Clustering of small rigid spherical particles into particle accumulation structures (PAS) is studied numerically for a high-Prandtl-number (Pr = 68) thermocapillary liquid bridge. The one-way-coupling approach is used for calculation of the particle motion, modeling PAS as an attractor for a single particle. The attractor is created by dissipative forces acting on the particle near the boundary due to the finite size of the particle. These forces can dramatically deflect the particle trajectory from a fluid pathline and transfer it to certain tubular flow structures, called Kolmogorov–Arnold–Moser (KAM) tori, in which the particle is focused and from which it might not escape anymore. The transfer of particles can take place if a KAM torus, which is a property of the flow without particles, enters the narrow boundary layer on the flow boundaries in which the particle experiences extra forces. Since the PAS obtained in this system depends mainly on the finite particle size, it can be classified as a finite-size coherent structure (FSCS).

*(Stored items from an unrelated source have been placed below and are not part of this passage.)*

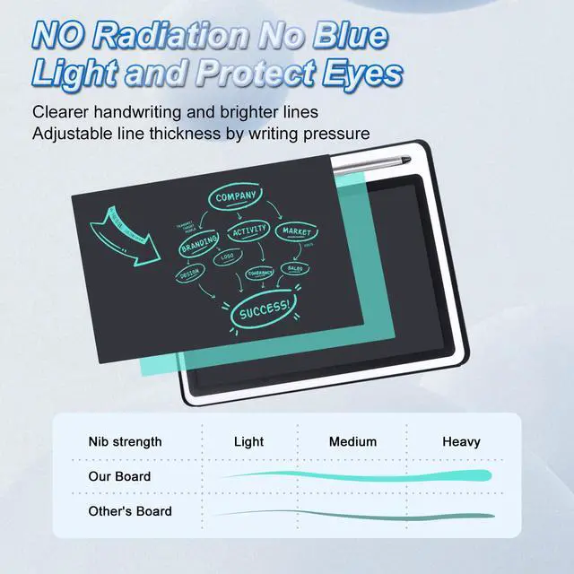 Unique Design & Brighter Thick Lines: The new generation of flexible 10 inch LCD screen, the writing and drawing lines on it are very brighter and more thickness. The screen of doodle board with monochrome blue-green handwriting and a striking clear display, providing enough space for graffiti.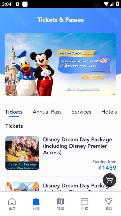 1. 于上海迪士尼度假区首页点击门票。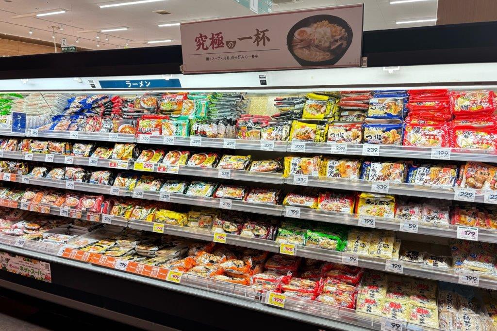 日配品コーナーでは、栃木県産米の「いな穂ちゃん」や「佐野ラーメン」など、県内各地の名産を取り揃える。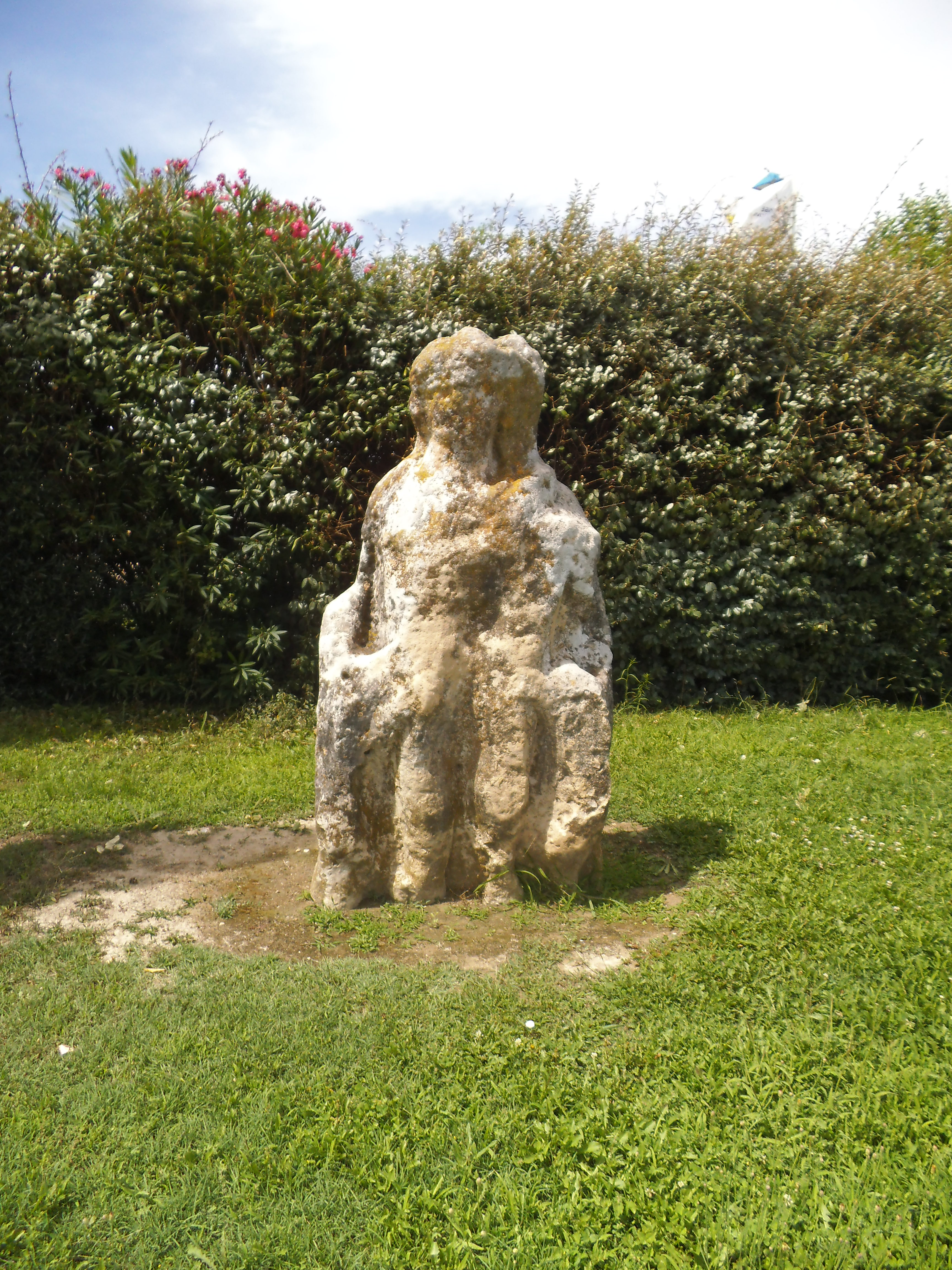 I never get to the chapel even though I reach St Etienne du Gres. Not a lot goes on in this village. On Assumption day, it dies. I drive around looking for people. Looking for La Mourgue. It’s a tall, wide statue. Shouldn’t be difficult to find. The one and only bar in the village is open and full of men. Loins girded, I enter and ask for directions feeling I’ve no chance. A man, who looks, smells and walks as one who’s been ensconced within for some weeks, draws me a simple map. There are only two roundabouts involved.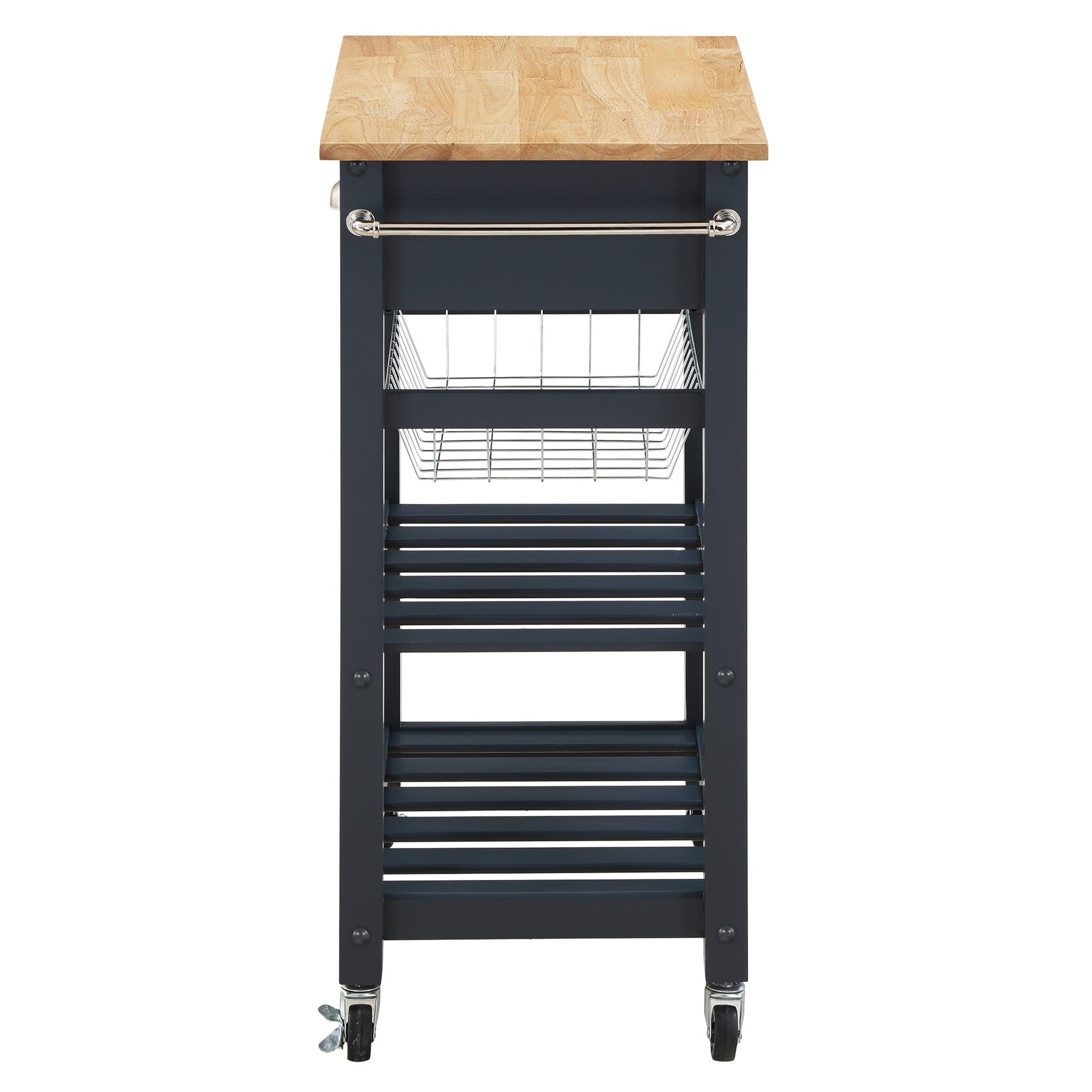 A flawless solution for space-saving homes and apartment living, our Kitchen Cart with Wood Top, combines beauty and functionality. Its multi-functional design makes it perfect for food preparation, serving, and kitchen storage. Beautiful from every angle, it features a solid wood painted finish, contrasted with the clean lines of a durable wood food prep surface. A top drawer will hold all your cooking utensils, while the charming pull-out basket will hold your fresh produce or kitchen linens. Two slatted open shelves are ideal for large pot storage and display. The handy towel bar, heavy-duty hardware and locking casters, provide long lasting appeal. A must-have addition to any home, this charming kitchen cart is sure to be your new favorite place for both cooking and stowing away countertop clutter.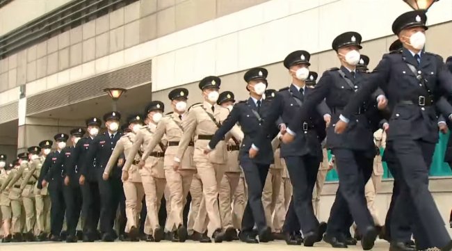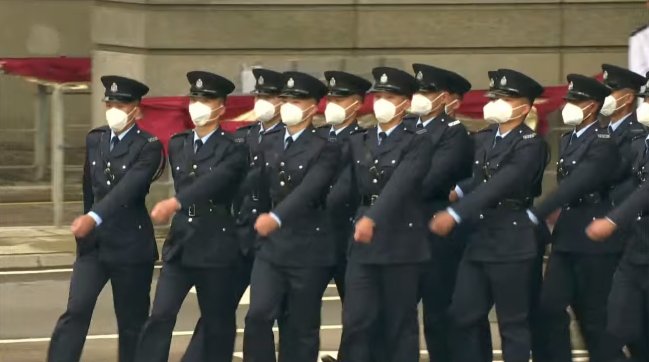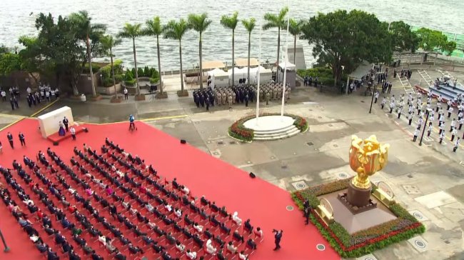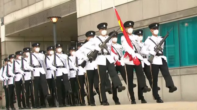 大公文匯全媒體報道,今日(7月1日)是香港回歸祖國25周年慶典日。慶祝香港回歸祖國25周年升旗儀式今日上午8時在香港會議展覽中心外的金紫荊廣場舉行。第六任行政長官李家超和政府高層官員出席。在萬眾矚目的升旗儀式上,香港警隊已全面由英式步操改為中式步操,「Yes Sir」等英文口令也被粵語「是的,長官!」取代。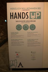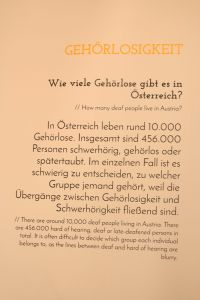Wie es ist gehörlos zu leben, dies kann man jetzt bei der neuen Ausstellung im Schottenstift ausprobieren. Ohne zu sprechen und zu hören, geht man geführt mit einem gehörlosen Guide, durch die Ausstellungsräume. Man lernt dabei Mimik&Körpersprache sowie Gebärdensprache. Haben sie gewusst das rund 10.000 gehörlose Menschen in Österreich leben, sowie Berühmtheiten wie Ludwig Van Beethoven taub wurden, dieses und noch viel mehr kann man bei der Hands Up Ausstellung in Erfahrung bringen. Zudem hatte man gegen Ende der Ausstellung die Möglichkeit auszuprobieren, wie es ist als Gehörloser Musik zu lauschen. Die Ausstellung kann bis 24.8 besucht werden. https://www.handsup.wien/?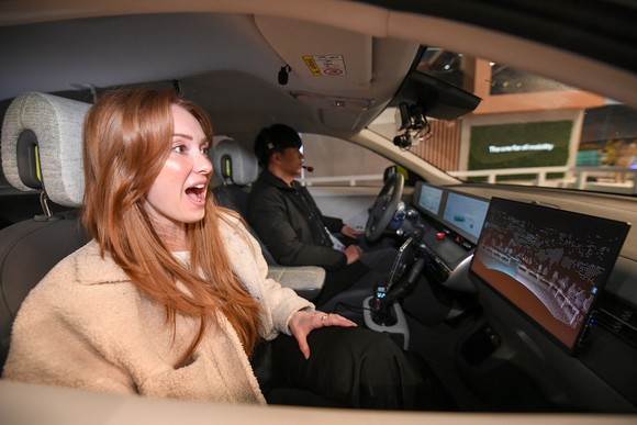 관람객들이 모비온에 탑승해 평행주행과 대각선 주행, 제자리 회전 등을 체험하고 있는 모습. ⓒ 현대모비스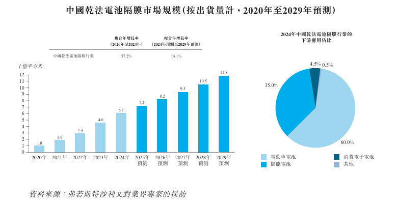 于2020年至2024年,中国干法电池隔膜的出货量由约10亿平方米增加至约61亿平方米,复合年增长率为57.2%。在下游行业进一步发展的带动下,中国干法电池隔膜的出货量预计到2029年将达到约118亿平方米,自2024年起复合年增长率为14.1%。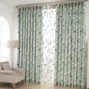 La collection de rideaux Morning Flower offre un délicieux motif floral répétitif et est disponible en vert menthe ou en crème boutique. Le tissu durable et le motif floral rehaussent parfaitement votre décoration de fenêtre.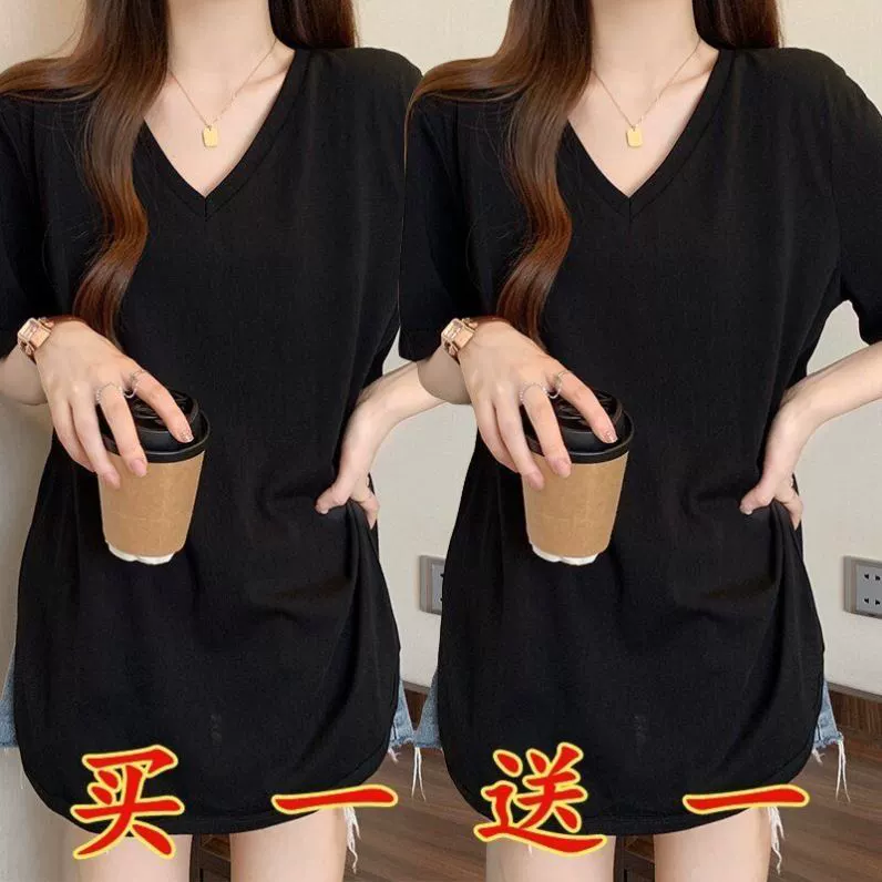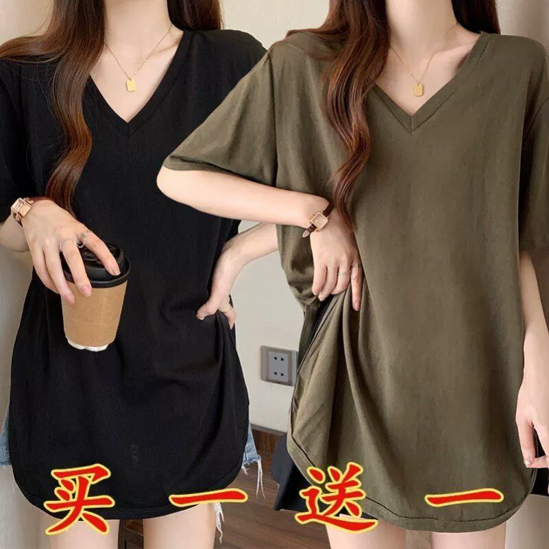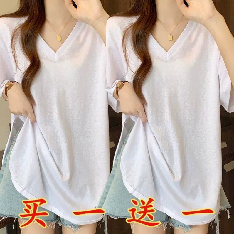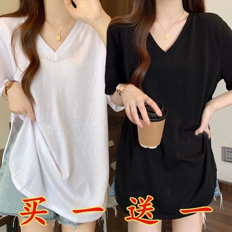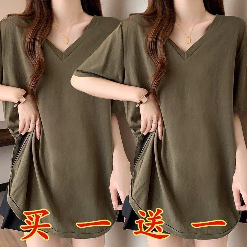 | nameOriginal | V-neck large size right shoulder fat mm slit loose flesh-covering T-shirt |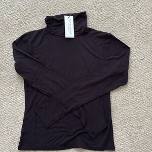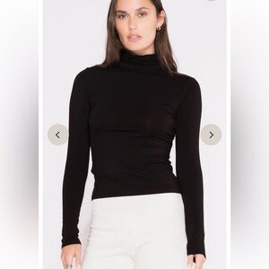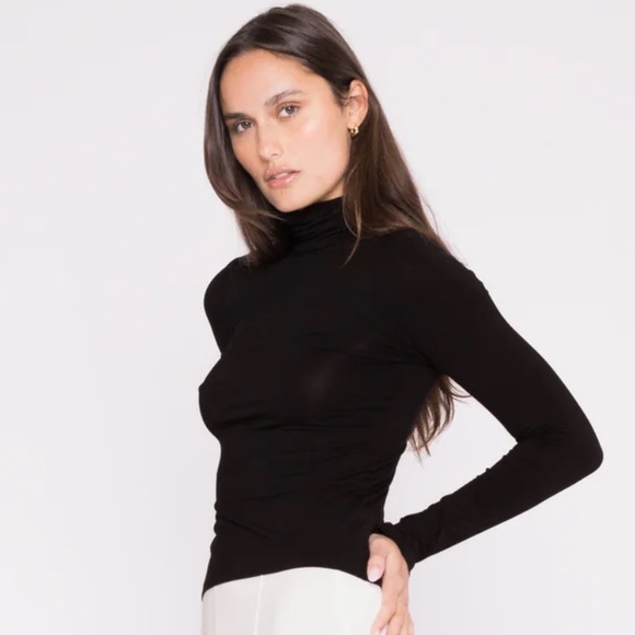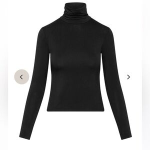 Elevate your wardrobe with this sleek black turtleneck top. Perfect for any occasion, it offers a timeless style and comfortable fit.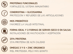 Harina de vísceras de pollo, harina de carne y huesos bovino, plasma de cerdo em polvo (1,5%), arroz, maíz molido*, harina de camote, harina de guisante, salvado de gluten de maíz, proteína concentrada de soya, salvado de trigo, grasa de pollo, aceite de pescados, levadura de caña de azúcar hidrolizada y deshidratada, extracto de Yucca schidigera (0,04%), manano-oligosacáridos (0,048%), hidrolizado a base de subproductos de pollo y cerdo, sulfato de glucosamina (0,05%), sulfato de condroitina (0,03%), cloruro de sodio, cloruro de potasio, DL-metionina, triptófano, vitamina A, vitamina D3, vitamina E, vitamina K3, vitamina B1, vitamina B2, vitamina B6, vitamina B12, vitamina C, niacina, cloruro de colina, ácido pantoténico, ácido fólico, biotina, yodato de calcio, sulfato de cobre, sulfato de hierro, levadura enriquecida con selenio, proteinato de manganeso, proteinato de zinc, propionato de calcio, extracto de pared de levadura, acidificante, antioxidantes (BHA y BHT), colorante caramelo IV.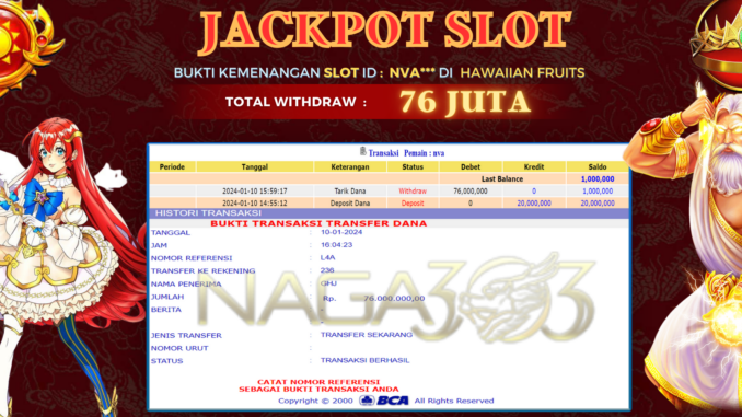 NAGA303 mengucapkan selamat kepada user id : NVA** yang telah berhasil mendapatkan jackpot pada permainan SLOT DI HAWAIIAN FRUITS. Kemenangan sebesar Rp 76.000.000,-. telah dibayarkan LUNAS oleh pihak naga303 kepada pemilik user id setelah yang bersangkutan mengisi formulir withdraw. Proses pencairan dana berlangsung sangat cepat hanya dalam waktu 6-11 menit sudah berada dalam rekening pemilik user id. Bukti transfer yang dapat anda lihat adalah bukti SAH / VALID yang langsung di dapatkan melalui bukti transaksi dari Bank yang digunakan untuk pengiriman dana pada rekening pemilik user id. Terima kasih kami sampaikan kepada para pengguna setia naga303 yang telah menggunakan situs kami, sebagai Bandar Terpercaya yang pastinya membayar semua kemenangan member hingga lunas. Apakah Naga303 PENIPU ? Reputasi “NAGA303 TERPERCAYA” sudah sangat melekat. puluhan hingga ratusan ribu pengguna setia NAGA303 tetap menggunakan situs terbesar dan terbaik di Indonesia ini. Hapus rasa was-was dan khawatir anda, kemenangan anda berapapun PASTI dibayarkan hingga lunas.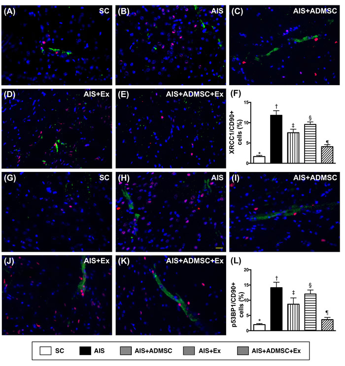 Figure 9: Microscopic findings of double-stranded DNA damaged positively stained cells in brain infarct zone by day 60 after AIS (n = 6). A. to E. Illustrating immunofluorescent (IF) microscopic finding (400x) of XRCC1/CD90+ cells (pink color). F. Analytical results of number of XRCC1/CD90+ cells, *vs. other groups with different symbols (†, ‡, §, ¶), p < 0.0001. G. to K. Illustrating IF microscopic findings (400x) of p53BP1/CD90+ cells (pink color). L. Analytical results of number of p53BP1/CD90+ cells, *vs. other groups with different symbols (†, ‡, §, ¶), p < 0.0001. Scale bars in right lower corner represent 20µm. All statistical analyses were performed by one-way ANOVA, followed by Bonferroni multiple comparison post hoc test. Symbols (*, †, ‡, §, ¶) indicate significance (at 0.05 level). SC = sham control; AIS = acute ischemic stroke; ADMSC = adipose-derived mesenchymal stem cell; Ex = exosome.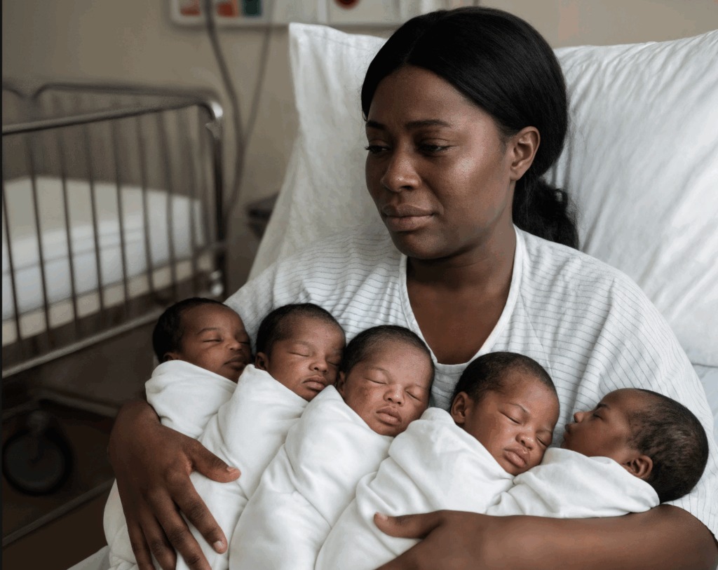 El ala de maternidad estaba llena de ruido: cinco pequeñas voces lloraban al mismo tiempo. La joven madre, agotada pero feliz, sonreía entre lágrimas mientras miraba a sus recién nacidos quintillizos. Eran diminutos, frágiles, pero perfectos.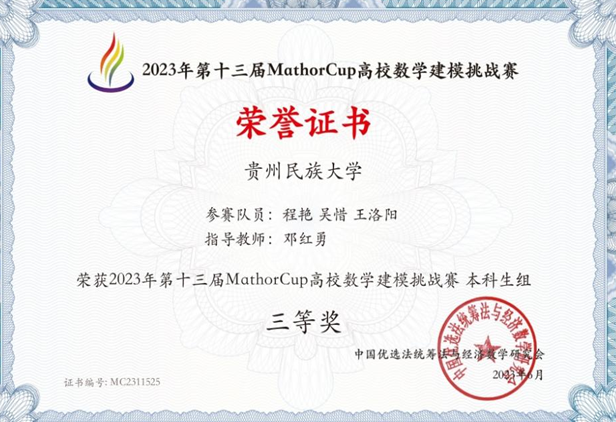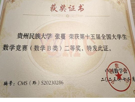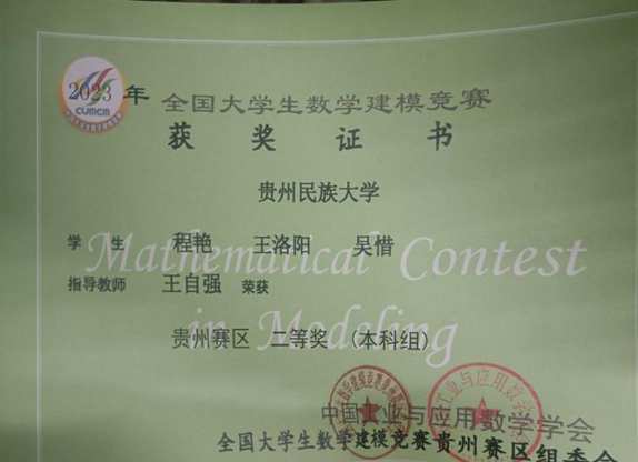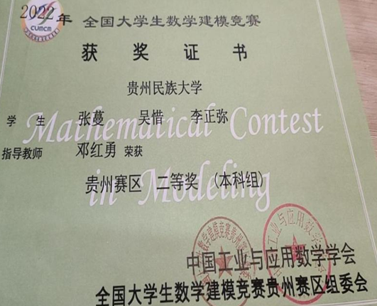 在校期间努力学习,获得不错的成绩,获得一次校级二等奖,一次单项奖学金,并获得校级三好学生荣誉,并在学科竞赛中取得不错的成绩,在2023年第十三届MathorCup高校数学建模竞赛中获得三等奖,以及在2023年全国大学生数学建模竞赛中获得省级二等奖。并通过了英语四级,普通话等证书。

对于高Prandtl数（Pr = 68）热毛细管液桥，数值研究了刚性小球形颗粒聚集成颗粒堆积结构（PAS）。单向耦合方法用于计算粒子运动，将PAS建模为单个粒子的吸引子。由于粒子的有限大小，作用在边界附近的粒子上的耗散力产生了吸引子。这些力会极大地使粒子轨迹从流体路径偏离，并将其转移到某些管状流动结构，称为Kolmogorov-Arnold-Moser（KAM）托里，在该结构中粒子被聚焦，并且可能不再从中逸出。如果KAM环面是无颗粒流的特性，则可以进行颗粒的转移，进入流边界上的狭窄边界层，在该边界层中，粒子会受到额外的力。由于在此系统中获得的PAS主要取决于有限的颗粒尺寸，因此可以将其分类为有限尺寸的相干结构（FSCS）。